Violence is the tool of the state. Knowledge and the mind are the tools of free people.
by Llewellyn H. Rockwell Jr.
As libertarians attempt to persuade others
of their position, they encounter an interesting paradox. On the one hand, the
libertarian message is simple. It involves moral premises and intuitions that
in principle are shared by virtually everyone, including children. Do not hurt
anyone. Do not steal from anyone. Mind your own business.
A child
will say, “I had it first.” There is an intuitive sense according to which the
first user of a previously unowned good holds moral priority over latecomers.

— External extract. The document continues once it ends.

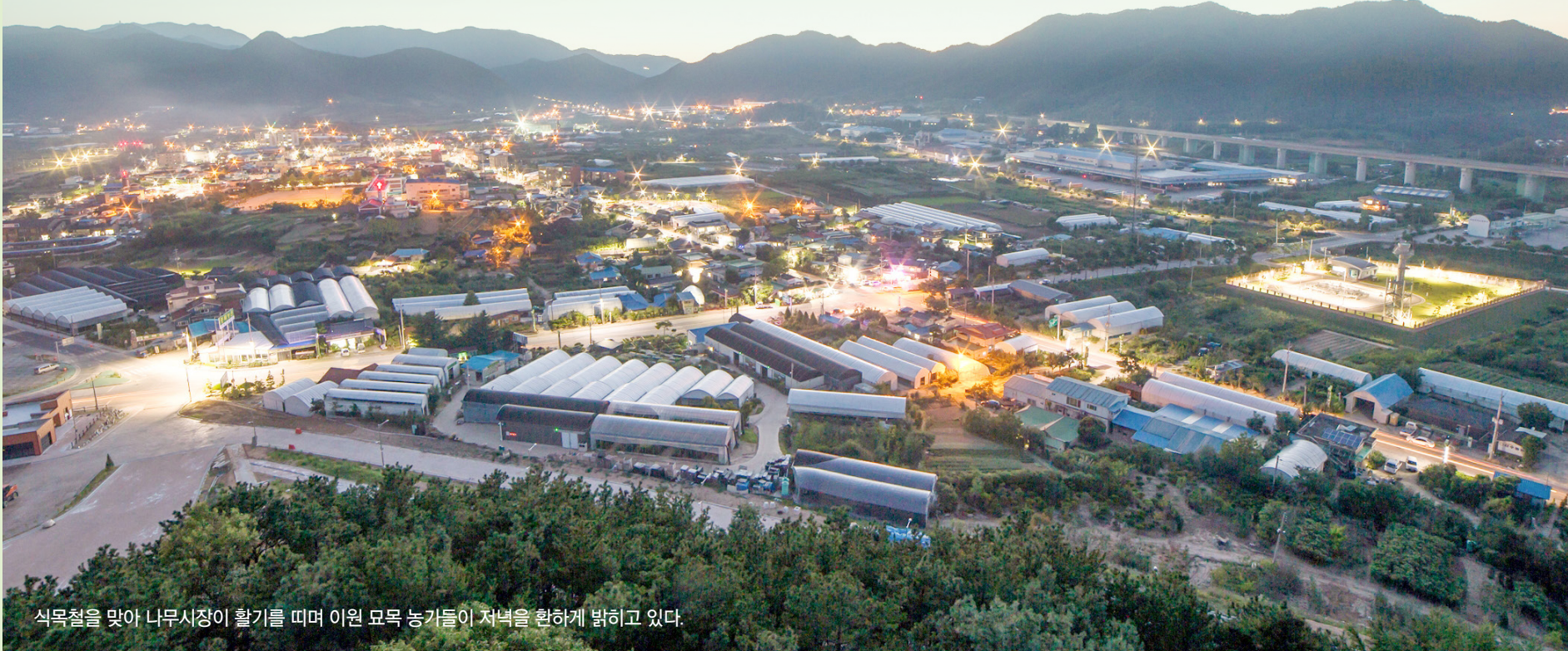
식목철을 맞아 나무시장이 활기를 띠며 이원 묘목 농가들이 저녁을 환하게 밝히고 있다.

옥천군은 과수 묘목 산업의 체질을 개선하고 건강한 묘목 유통 환경을 조성하기 위해 2019년부터 민간 주도의 옥천 묘목 향토산업을 육성하며 묘목 산업의 선진화를 주도해 왔다. 또한, 민간사업 주체인 옥천 묘목 향토산업 육성사업단은 무병묘 처리 시설과 공동 육묘장 조성, 신품종 연구 개발과 전문 인력 양성, 묘목 체험과 전시·판매 등 옥천 묘목의 6차 산업화에 힘쓰고 있다.

This, too, is a central aspect of libertarian theory.
Following
Locke, Murray Rothbard, and other libertarian philosophers sought to establish
a morally and philosophically defensible account of how property comes to be
owned. Locke held the goods of the earth to have been owned in common at the
beginning, while Rothbard more plausibly held all goods to have been initially
unowned, but this difference does not affect their analysis. Locke is looking
to justify how someone may remove a good from common ownership for his
individual use, and Rothbard is interested in how someone may take an unowned
good and claim it for his individual use.
Locke’s
answer will be familiar. He noted, first of all, that “every man has a property
in his own person.” By extension, everyone justly holds as his own property
those goods with which he has mixed his labor. Cultivating land, picking an
apple — whatever the case may be, we say that the first person to homestead
property that had previously sat in the state of nature without an individual
owner could call himself its owner.
Once a
good that was previously in the state of nature has been homesteaded, its owner
need not continue to work on or transform it in order to maintain his ownership
title. Once the initial homesteading process has taken place, future owners can
acquire the property not by mixing their labor with it — which at this point
would be trespassing — but by purchasing it or receiving it as a gift from the
legitimate owner.
As I’ve
said, we sense intuitively the justice at the heart of this rule. If the
individual does not own himself, then what other human being does? If the individual
who transforms some good that previously lacked specific ownership title does
not have a right to that good, then what other person should?
In
addition to being just, this rule also minimizes conflict. It is a rule
everyone can understand, based on a principle that applies to all people
equally. It does not say that only members of a particular race or level of
intelligence may own property. And it is a rule that definitively stakes out
ownership claims in ways that anyone can grasp, and which will keep disputes to
a minimum.
Alternatives
to this first user, first homesteader principle are few and unhelpful. If not
the first user, then who? The fourth user? The twelfth user? But if only the
fourth or twelfth user is the rightful owner, then only the fourth or twelfth
user has the right to do anything with the good. That is what ownership is: the
ability to dispose of a good however one wishes, provided that in doing so the
owner does not harm anyone else. Assigning property title through a method like
verbal declaration, say, would do nothing to minimize conflict; people would
shout vainly at each other, each claiming ownership of the good in question,
and peaceful resolution of the resulting conflict seems impossible.
These
principles are easy to grasp, and as I’ve said, they involve moral insights
which practically everyone claims to share.
And
here is the libertarian paradox. Libertarians begin with these basic, commonly
shared principles, and seek only to apply them consistently and equally to all
people. But even though people claim to support these principles, and even
though most people claim to believe in equality — which is what the libertarian
is upholding by applying moral principles to everyone without exception — the
libertarian message suddenly becomes extreme, unreasonable, and unacceptable.
Why is
it so difficult to persuade people of what they implicitly believe already?
The
reason is not difficult to find. Most people inherit an intellectual
schizophrenia from the state that educates them, the media that amuses them,
and the intellectuals who propagandize them.
This is
what Murray Rothbard was driving at when he described the relationship between
the state and the intellectuals. “The ruling elite,” he wrote,
whether
it be the monarchs of yore or the Communist parties of today, are in desperate
need of intellectual elites to weave apologias for
state power. The state rules by divine edict; the state insures the common good
or the general welfare; the state protects us from the bad guys over the
mountain; the state guarantees full employment; the state activates the
multiplier effect; the state insures social justice, and on and on. The apologias differ
over the centuries; the effect is always the same.